On Becoming a Doctor:

DEALING WITH DEATH

We don't know who they are. We will never know why they chose to be here. To them we are Medicine. To us, they are The Human Body.

I was a lucky one. Anatomy lab presented me with my first real experience with death. On the first day of medical school, I faced a room full of dead people who had chosen to donate their bodies to medicine. I met my cadaver, and became acquainted with her body. Over the course of the block, I developed a more detailed understanding of her anatomy. I traced her splenic artery to the celiac trunk, her median nerve through the brachial plexus, and the entire length of her gastrointestinal tract.

Yet my introduction to death feels backwards. I was thrust into the physicality of death without experiencing the human struggle of the dying process. I knew my woman's body more intimately than any other living person, but I knew nothing of her spirit or anima.

The preparation for the lab had stripped away even the most basic clues to her personhood. The fixative obliterated her years and made her ageless; the dissection process chipped away at her body to make her formless. Her face was sealed away in its muslin shroud.

At the memorial service for our cadavers, one of my classmates voiced her struggle to make the transition from the physical body to the uniqueness of the individual. "Every time we would look at a new structure," she said, "I would think, this is the one that's going to be different. This is the one that's going to make him special. Yet every time, it was the same. All our bodies looked the same."

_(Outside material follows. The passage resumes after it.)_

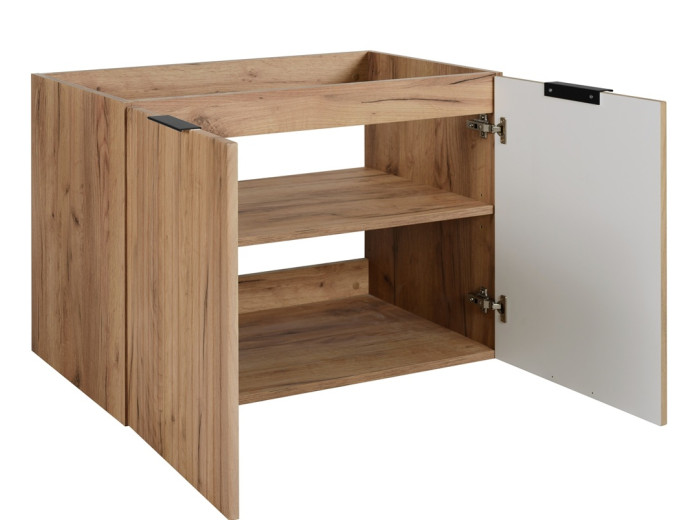 FLOW C80D2 je 80 cm široká skrinka pod umývadlo, ktorá vnesie poriadok do každodenných rituálov. Stavia na čistých líniách a premyslenom členení úložného priestoru, takže prirodzene zapadne medzi kúpeľňové skrinky v moderných aj klasických interiéroch. Myslí na praktickú montáž aj jednoduchú údržbu. Korpus je z laminovanej drevotriesky s ABS hranami, dvierka z MDF. Povrch v odtieni dub craft zlatý dodá kúpeľni teplý, nadčasový charakter.

Almost all of us dreamt about our cadavers at some point during the anatomy course. Dean Ed Hundert forewarned us; it's common. I was prepared for nightly visions of scalpels dissecting, and gloved hands retracting. But my recurring dream was about holding my cadaver's hand. In the dream, all five of us were standing in our customary positions around the gurney, obviously at work on the body. I was holding her hand as one might to reassure a friend or relative undergoing a painful and frightening medical procedure. In my dream I was forging the human connection and bond that cannot exist in the lab.

Despite the frustration with the lack of personal connection with our cadavers and our attempts to create it, I don't think I would want to know any more than I did. It would be too painful to dissect structure after structure with the burden of personhood, and the relationships and responsibilities it entails.

But if my first experience with death was with the physical, it wasn't long before I confronted the emotional, human aspect. I received my initiation into the struggle of the dying process fairly soon after my anatomy experience. Betty was 74, dying, and alone. Alienated from her family and isolated from her friends, she was finally ready to die of congestive heart failure after outliving a one-year prognosis by 11 years. She was struggling to assert her personhood even as she began the process of relinquishing her humanity. She was frustrated by doctors who no longer made time for her; she attributed their brusqueness to her rapidly deteriorating medical condition.

"I understand that it is difficult for them to get close to someone who is dying. But when they don't say anything to me, it means either they have nothing supportive to say as physicians, or they don't care as people," she said.

And there have been others. There was Denise, 16 years old and in the terminal phase of AIDS. She had watched her mother and her younger brother die of AIDS the previous year. Now, she mostly watches television all day. We asked what her favorite show was. "I don't know." We asked her favorite actor. "I don't know." Her favorite thing to do. "I don't know." She had already begun the process of relinquishing her personhood. And there is the couple with AIDS. They have begun discussing auctioning all their antiques in preparation for their deaths. They have stopped setting longterm goals for themselves, although not for their cat. Inky has been put on a diet.

I think about them almost daily. I think about Betty the most. Her physicians didn't expect her to live past December. As I was planning my trip home for winter break, I thought about Betty and wondered if she were still alive. Was she able to reconcile with her family? Was she able to forge a more meaningful relationship with her friends?

I find myself drawn to these dying people. I am taken with their struggle to be human and to be a better human in the face of death.

At times, during this first year, it has felt like death is everywhere. In anatomy lab, we finally uncovered the facial shroud and hemisected the skull, and that was OK. I talked to a patient who had nearly died the previous evening and would certainly die within the next months, and that was OK. I came home, and my goldfish had died, and that wasn't OK. I sobbed for half an hour.

Through my anatomy experiences and my conversations with terminally ill patients, I am grappling with the human and physical aspects of death. And it's overwhelming.